WORK REQUEST: Please set down only the lines from the one containing "Graban el cartel" through the end of the entries below, exactly, minus any pictures.

(Dataset records)
════
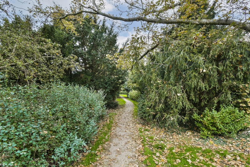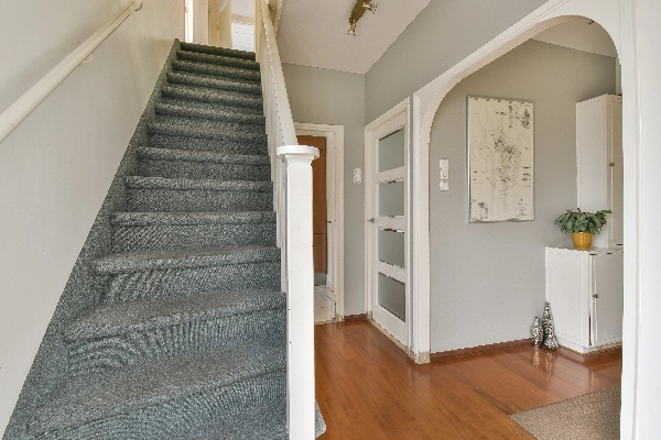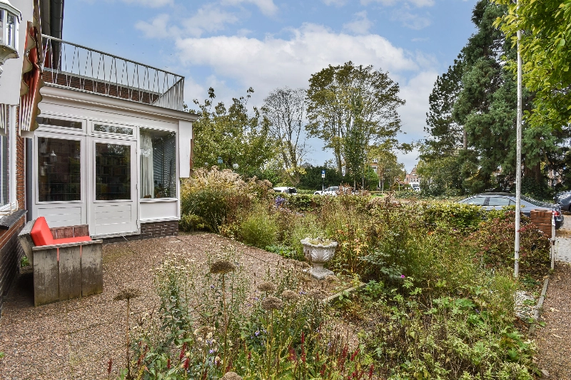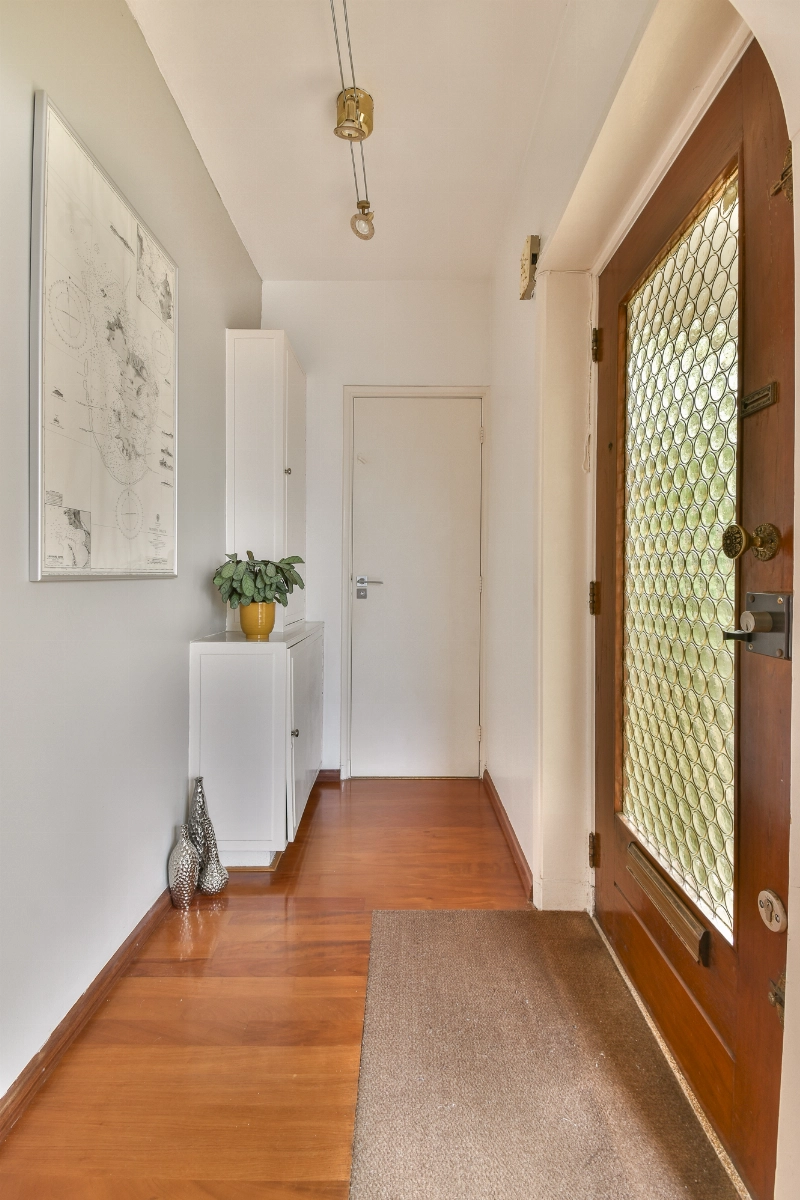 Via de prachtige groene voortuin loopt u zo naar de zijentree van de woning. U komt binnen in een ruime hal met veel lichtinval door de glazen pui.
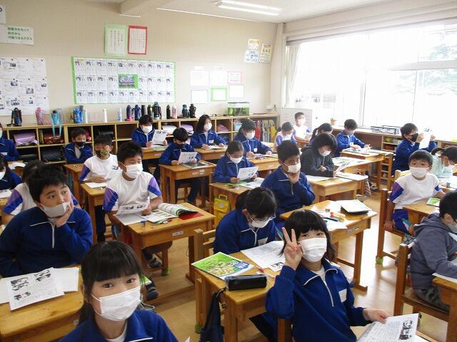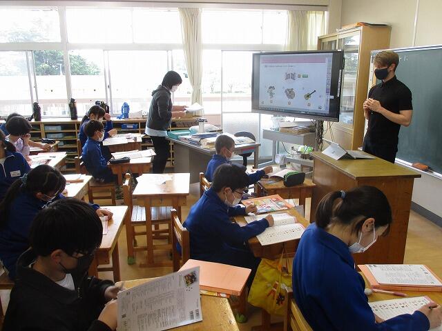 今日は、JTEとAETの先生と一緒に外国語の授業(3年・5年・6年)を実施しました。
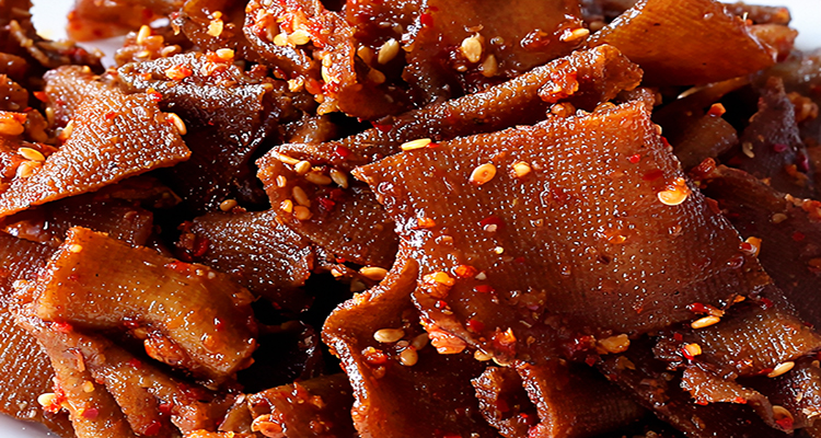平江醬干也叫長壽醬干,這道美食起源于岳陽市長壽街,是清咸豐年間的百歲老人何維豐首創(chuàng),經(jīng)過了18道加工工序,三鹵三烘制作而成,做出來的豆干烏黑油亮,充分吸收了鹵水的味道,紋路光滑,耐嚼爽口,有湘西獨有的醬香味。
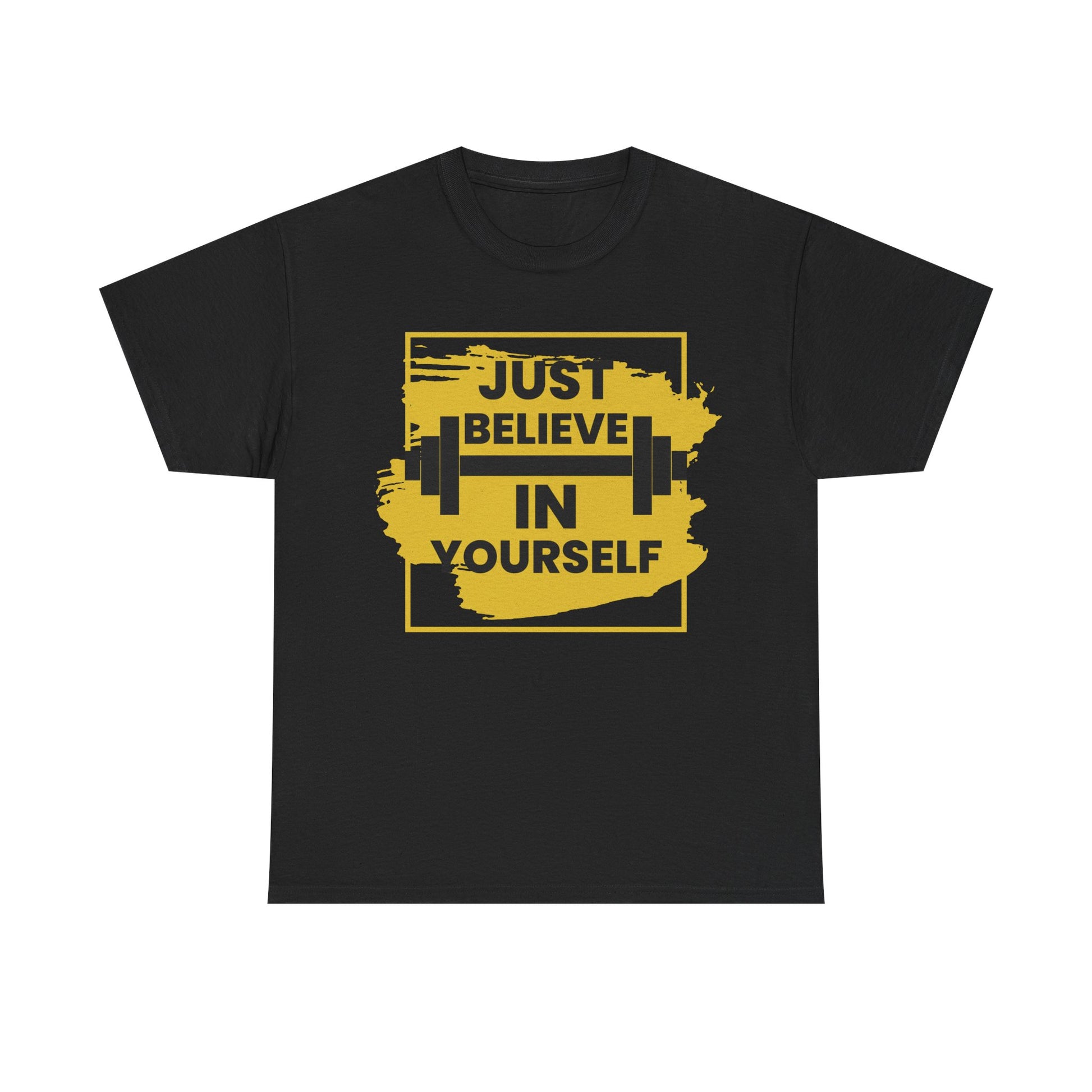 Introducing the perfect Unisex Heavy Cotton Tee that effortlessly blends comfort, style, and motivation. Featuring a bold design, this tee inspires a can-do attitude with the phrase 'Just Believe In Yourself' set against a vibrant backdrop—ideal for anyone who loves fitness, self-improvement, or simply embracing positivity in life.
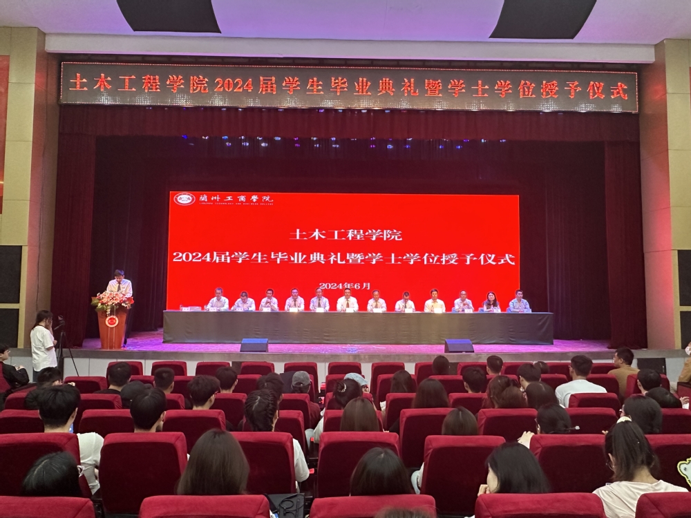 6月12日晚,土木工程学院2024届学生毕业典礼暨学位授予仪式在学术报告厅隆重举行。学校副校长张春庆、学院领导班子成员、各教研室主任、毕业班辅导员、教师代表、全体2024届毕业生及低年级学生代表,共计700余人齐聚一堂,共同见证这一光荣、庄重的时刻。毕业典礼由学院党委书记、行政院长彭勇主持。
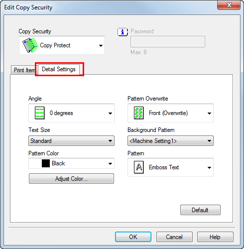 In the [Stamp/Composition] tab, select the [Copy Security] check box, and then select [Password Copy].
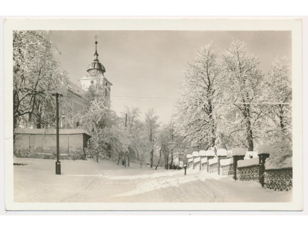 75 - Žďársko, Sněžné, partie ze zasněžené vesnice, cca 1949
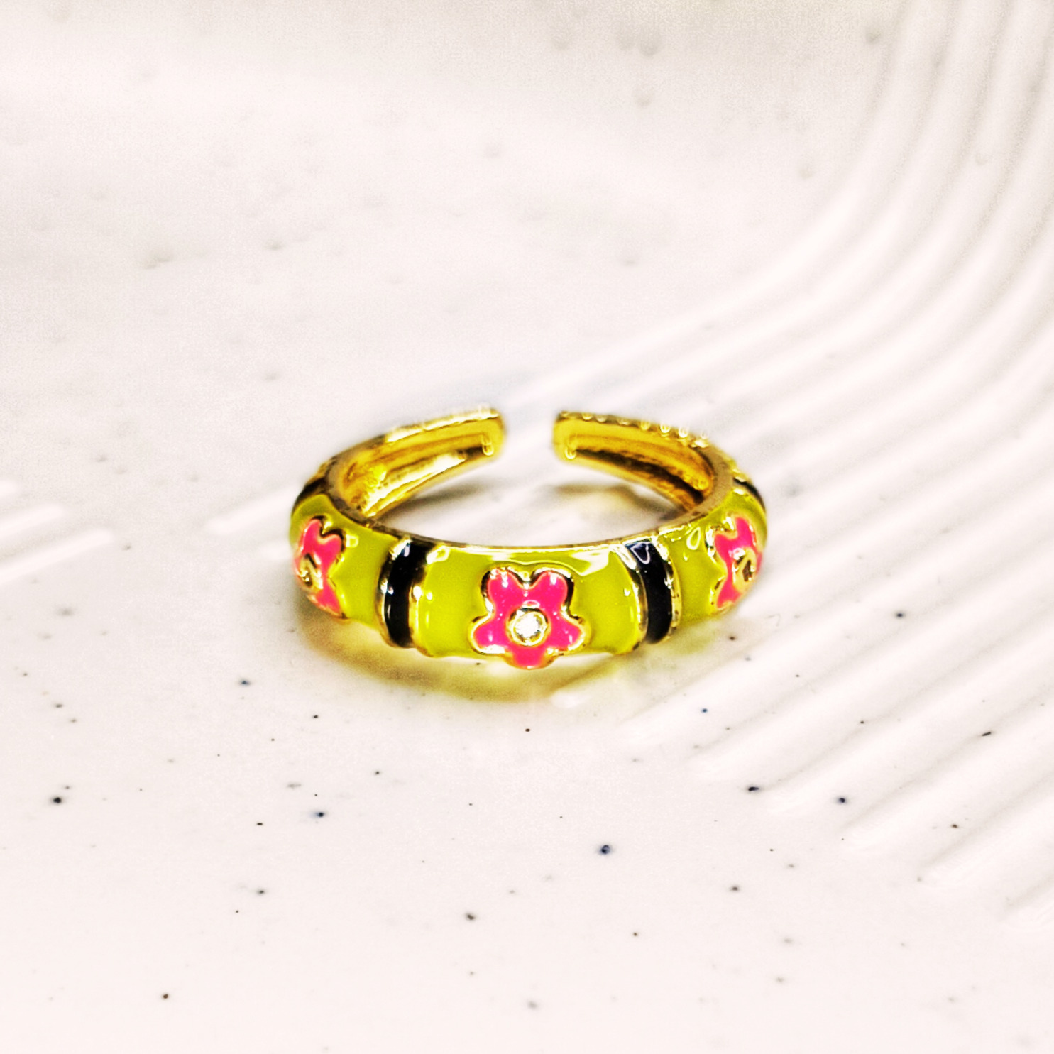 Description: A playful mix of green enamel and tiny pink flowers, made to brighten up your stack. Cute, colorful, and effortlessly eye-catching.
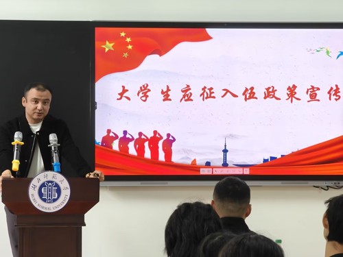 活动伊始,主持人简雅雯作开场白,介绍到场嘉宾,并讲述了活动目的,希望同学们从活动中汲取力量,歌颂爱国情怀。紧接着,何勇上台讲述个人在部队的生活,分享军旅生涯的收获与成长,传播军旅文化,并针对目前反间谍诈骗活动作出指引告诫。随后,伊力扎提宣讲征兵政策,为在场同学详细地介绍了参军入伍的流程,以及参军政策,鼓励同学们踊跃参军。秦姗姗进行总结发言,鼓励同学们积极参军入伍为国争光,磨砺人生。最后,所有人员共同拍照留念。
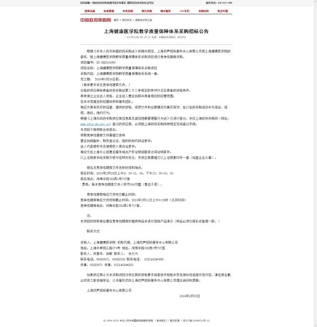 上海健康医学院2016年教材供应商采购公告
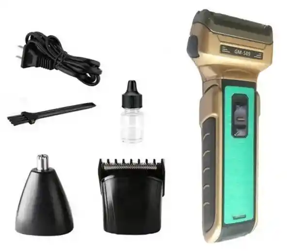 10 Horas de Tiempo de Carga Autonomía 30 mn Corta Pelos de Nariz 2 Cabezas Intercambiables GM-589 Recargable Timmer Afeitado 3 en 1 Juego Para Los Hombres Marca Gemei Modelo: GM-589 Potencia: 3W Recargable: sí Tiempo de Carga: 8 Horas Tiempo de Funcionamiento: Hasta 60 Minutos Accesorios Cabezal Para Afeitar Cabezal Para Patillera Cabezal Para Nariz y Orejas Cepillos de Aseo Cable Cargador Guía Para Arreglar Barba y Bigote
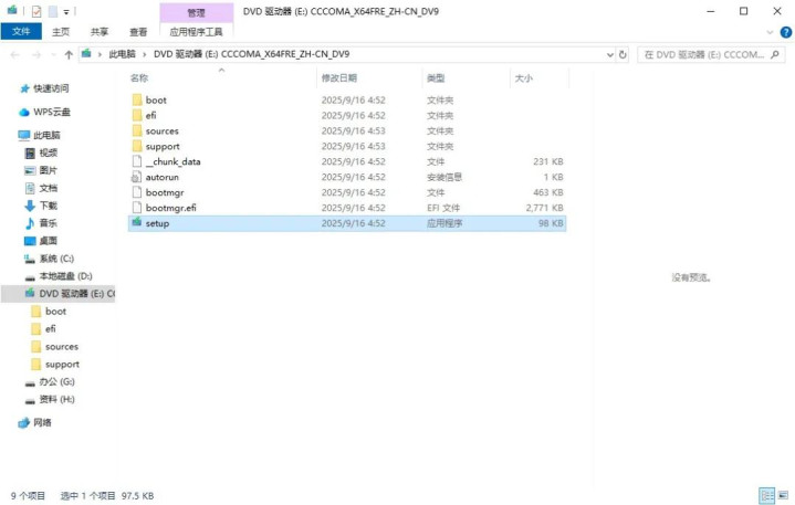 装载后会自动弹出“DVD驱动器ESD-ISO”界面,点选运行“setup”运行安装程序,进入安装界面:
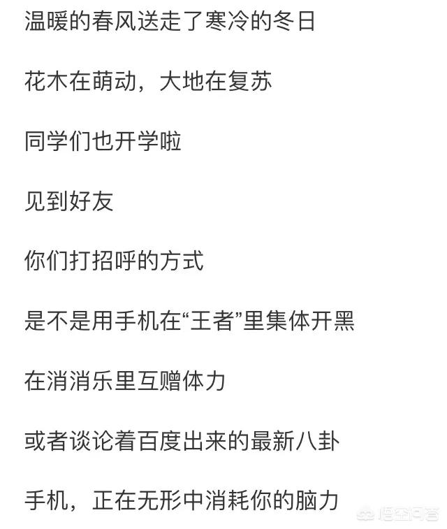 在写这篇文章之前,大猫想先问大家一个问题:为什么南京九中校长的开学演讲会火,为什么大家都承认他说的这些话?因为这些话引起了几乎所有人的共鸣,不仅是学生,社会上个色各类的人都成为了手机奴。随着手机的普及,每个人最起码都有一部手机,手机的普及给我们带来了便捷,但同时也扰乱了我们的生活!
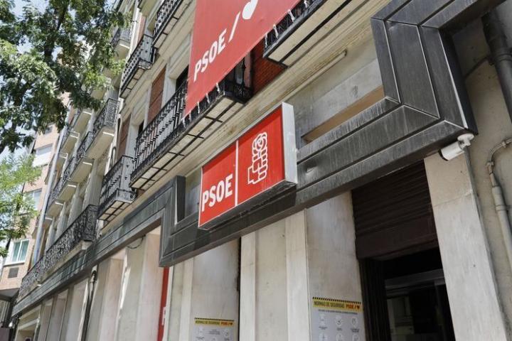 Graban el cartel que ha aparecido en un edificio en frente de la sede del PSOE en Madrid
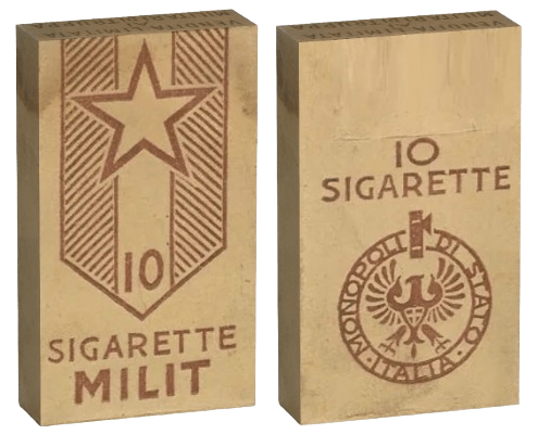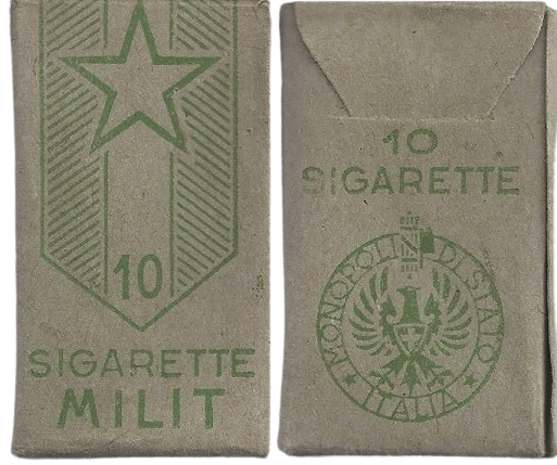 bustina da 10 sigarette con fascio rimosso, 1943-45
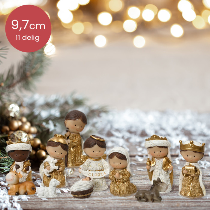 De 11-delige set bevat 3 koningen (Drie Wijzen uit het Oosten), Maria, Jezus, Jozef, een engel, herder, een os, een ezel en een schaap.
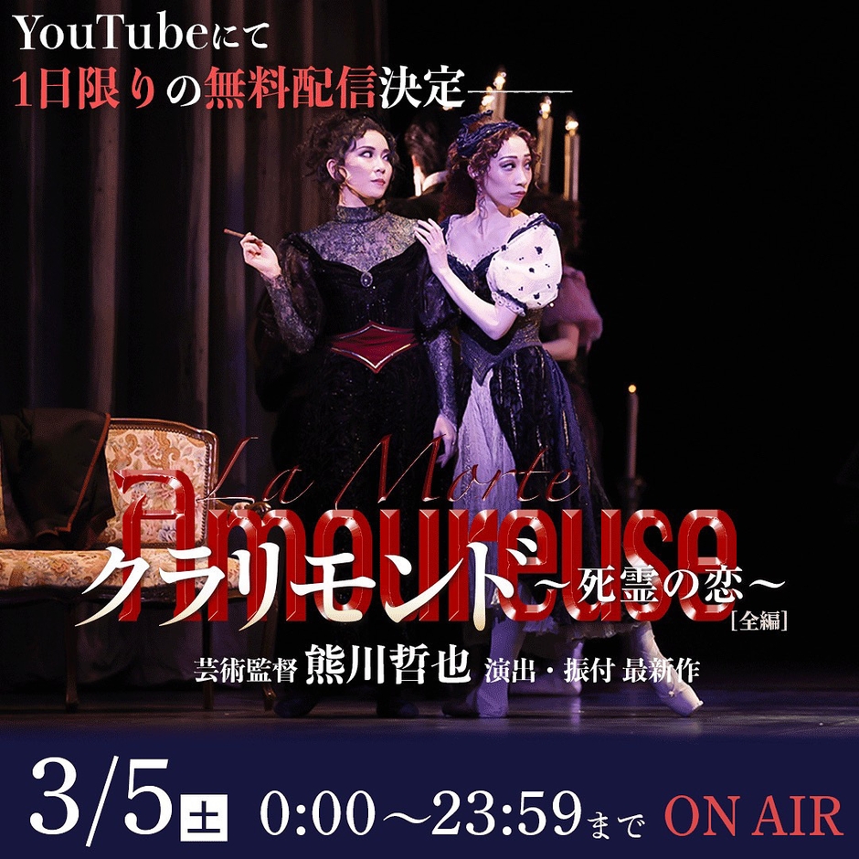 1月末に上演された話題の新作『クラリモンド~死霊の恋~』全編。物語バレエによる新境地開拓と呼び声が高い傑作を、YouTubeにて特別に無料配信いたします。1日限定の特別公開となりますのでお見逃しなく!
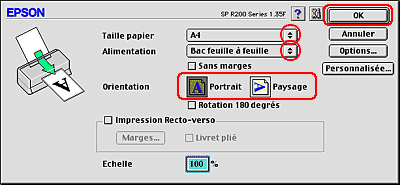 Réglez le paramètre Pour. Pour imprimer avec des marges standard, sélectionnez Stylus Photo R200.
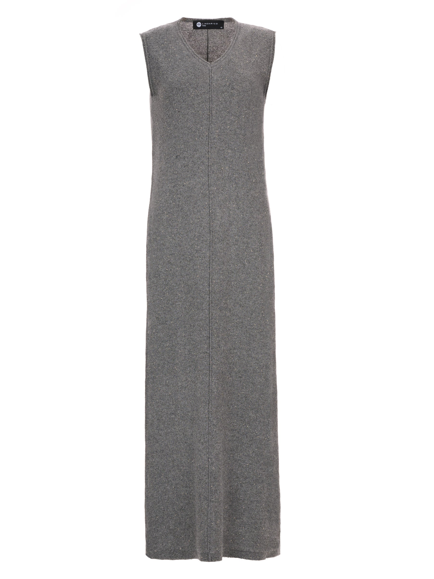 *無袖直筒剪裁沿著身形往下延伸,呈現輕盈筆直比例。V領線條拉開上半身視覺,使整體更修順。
════
OUTPUT OF THE TASK:
 Graban el cartel que ha aparecido en un edificio en frente de la sede del PSOE en Madrid
 bustina da 10 sigarette con fascio rimosso, 1943-45
 De 11-delige set bevat 3 koningen (Drie Wijzen uit het Oosten), Maria, Jezus, Jozef, een engel, herder, een os, een ezel en een schaap.
 1月末に上演された話題の新作『クラリモンド~死霊の恋~』全編。物語バレエによる新境地開拓と呼び声が高い傑作を、YouTubeにて特別に無料配信いたします。1日限定の特別公開となりますのでお見逃しなく!
 Réglez le paramètre Pour. Pour imprimer avec des marges standard, sélectionnez Stylus Photo R200.
 *無袖直筒剪裁沿著身形往下延伸,呈現輕盈筆直比例。V領線條拉開上半身視覺,使整體更修順。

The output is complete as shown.